• WORK REQUIRED:
Go to the line holding "Light weight aluminum housing" in the entries below and write out exactly every line down to and including the line holding "Hanna Tetteh and Rezlan Ishar Jenie in 2019".

== RECORD EXTRACTS

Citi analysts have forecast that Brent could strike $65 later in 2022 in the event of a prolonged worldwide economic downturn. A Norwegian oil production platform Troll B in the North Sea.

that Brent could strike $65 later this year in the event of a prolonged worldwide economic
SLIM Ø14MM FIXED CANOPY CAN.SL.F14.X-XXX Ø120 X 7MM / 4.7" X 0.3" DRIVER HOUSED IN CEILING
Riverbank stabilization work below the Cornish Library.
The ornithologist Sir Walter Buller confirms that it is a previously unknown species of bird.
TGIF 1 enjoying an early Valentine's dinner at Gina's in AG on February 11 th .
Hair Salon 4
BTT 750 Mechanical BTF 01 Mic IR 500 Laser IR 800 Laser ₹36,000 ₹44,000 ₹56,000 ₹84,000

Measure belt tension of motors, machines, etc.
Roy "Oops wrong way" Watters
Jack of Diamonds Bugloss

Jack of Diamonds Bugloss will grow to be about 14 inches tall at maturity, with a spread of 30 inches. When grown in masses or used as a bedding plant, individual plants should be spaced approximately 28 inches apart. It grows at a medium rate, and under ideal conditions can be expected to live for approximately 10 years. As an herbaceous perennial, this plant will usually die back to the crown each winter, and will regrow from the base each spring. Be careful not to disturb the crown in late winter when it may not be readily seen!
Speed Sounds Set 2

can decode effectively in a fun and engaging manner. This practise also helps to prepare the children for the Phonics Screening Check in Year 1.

====
== RECORD EXTRACTS

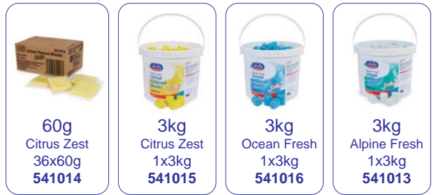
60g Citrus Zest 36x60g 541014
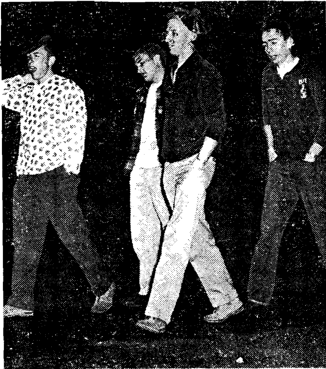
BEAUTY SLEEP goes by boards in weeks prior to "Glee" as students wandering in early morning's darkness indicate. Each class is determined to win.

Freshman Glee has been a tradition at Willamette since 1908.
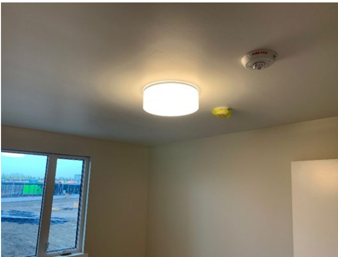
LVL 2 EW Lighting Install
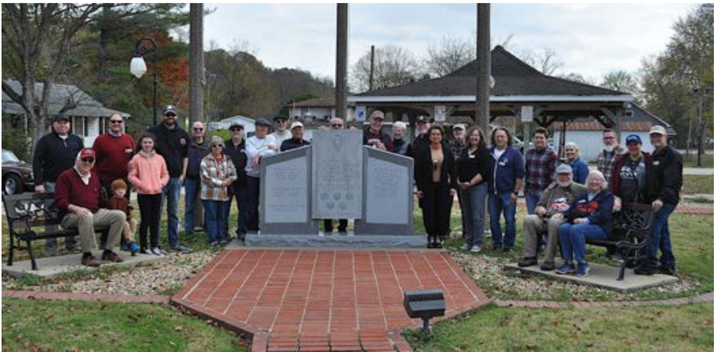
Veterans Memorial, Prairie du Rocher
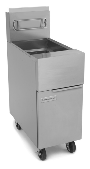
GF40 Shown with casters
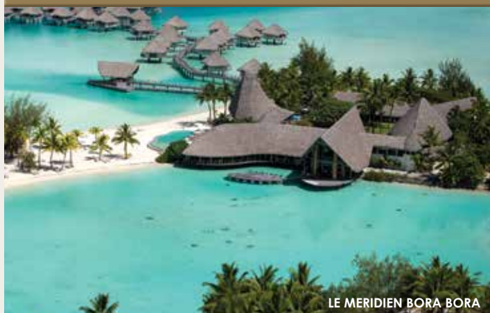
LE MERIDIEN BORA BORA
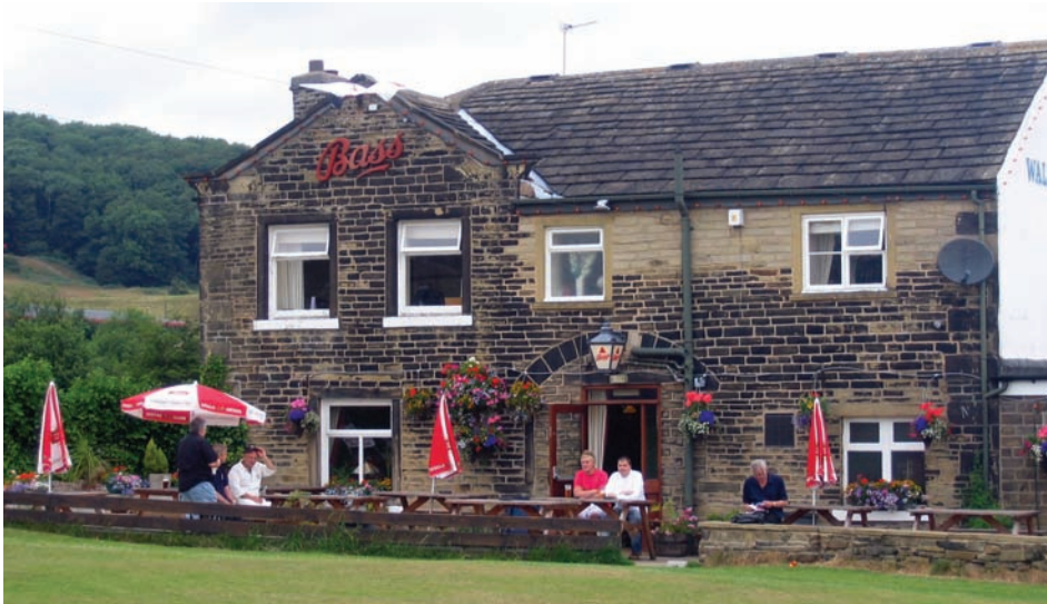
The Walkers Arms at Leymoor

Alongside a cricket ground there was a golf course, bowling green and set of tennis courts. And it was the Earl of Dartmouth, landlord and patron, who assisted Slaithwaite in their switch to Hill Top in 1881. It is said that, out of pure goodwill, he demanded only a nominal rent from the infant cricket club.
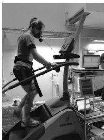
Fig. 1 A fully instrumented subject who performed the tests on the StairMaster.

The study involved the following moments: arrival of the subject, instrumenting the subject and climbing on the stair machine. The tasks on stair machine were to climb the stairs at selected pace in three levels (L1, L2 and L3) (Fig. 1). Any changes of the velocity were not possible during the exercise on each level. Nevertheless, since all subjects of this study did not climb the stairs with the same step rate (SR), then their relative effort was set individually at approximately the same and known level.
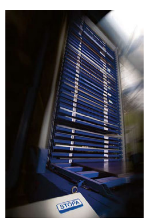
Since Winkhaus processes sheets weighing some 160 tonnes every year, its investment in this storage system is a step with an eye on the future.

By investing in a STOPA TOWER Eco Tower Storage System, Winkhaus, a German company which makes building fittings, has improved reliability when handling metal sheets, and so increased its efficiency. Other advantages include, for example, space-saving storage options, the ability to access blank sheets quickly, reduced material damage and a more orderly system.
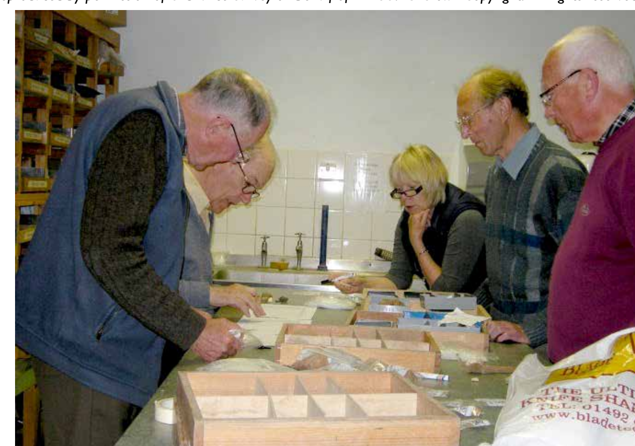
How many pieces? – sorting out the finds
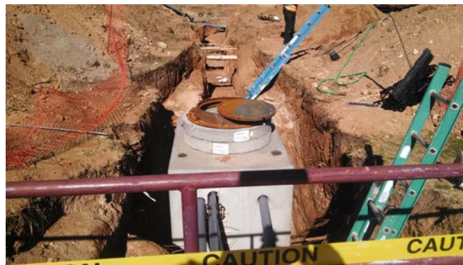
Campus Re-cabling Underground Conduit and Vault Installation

====
== RECORD EXTRACTS

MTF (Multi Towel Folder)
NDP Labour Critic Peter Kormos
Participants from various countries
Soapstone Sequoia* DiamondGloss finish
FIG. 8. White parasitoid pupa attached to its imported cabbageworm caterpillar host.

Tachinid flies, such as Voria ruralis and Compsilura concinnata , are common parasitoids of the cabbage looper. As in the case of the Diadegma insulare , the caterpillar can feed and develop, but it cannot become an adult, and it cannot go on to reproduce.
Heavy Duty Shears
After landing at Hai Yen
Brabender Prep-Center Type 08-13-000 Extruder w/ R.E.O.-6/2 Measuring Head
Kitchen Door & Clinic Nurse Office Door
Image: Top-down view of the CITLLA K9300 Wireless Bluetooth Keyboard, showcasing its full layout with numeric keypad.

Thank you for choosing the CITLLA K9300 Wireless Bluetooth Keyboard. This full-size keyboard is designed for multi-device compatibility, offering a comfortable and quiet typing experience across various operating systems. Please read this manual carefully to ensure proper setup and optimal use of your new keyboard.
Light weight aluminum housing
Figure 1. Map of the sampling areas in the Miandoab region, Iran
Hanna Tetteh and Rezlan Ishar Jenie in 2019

====

• ANSWER TO THIS PROBLEM:
Light weight aluminum housing
Figure 1. Map of the sampling areas in the Miandoab region, Iran
Hanna Tetteh and Rezlan Ishar Jenie in 2019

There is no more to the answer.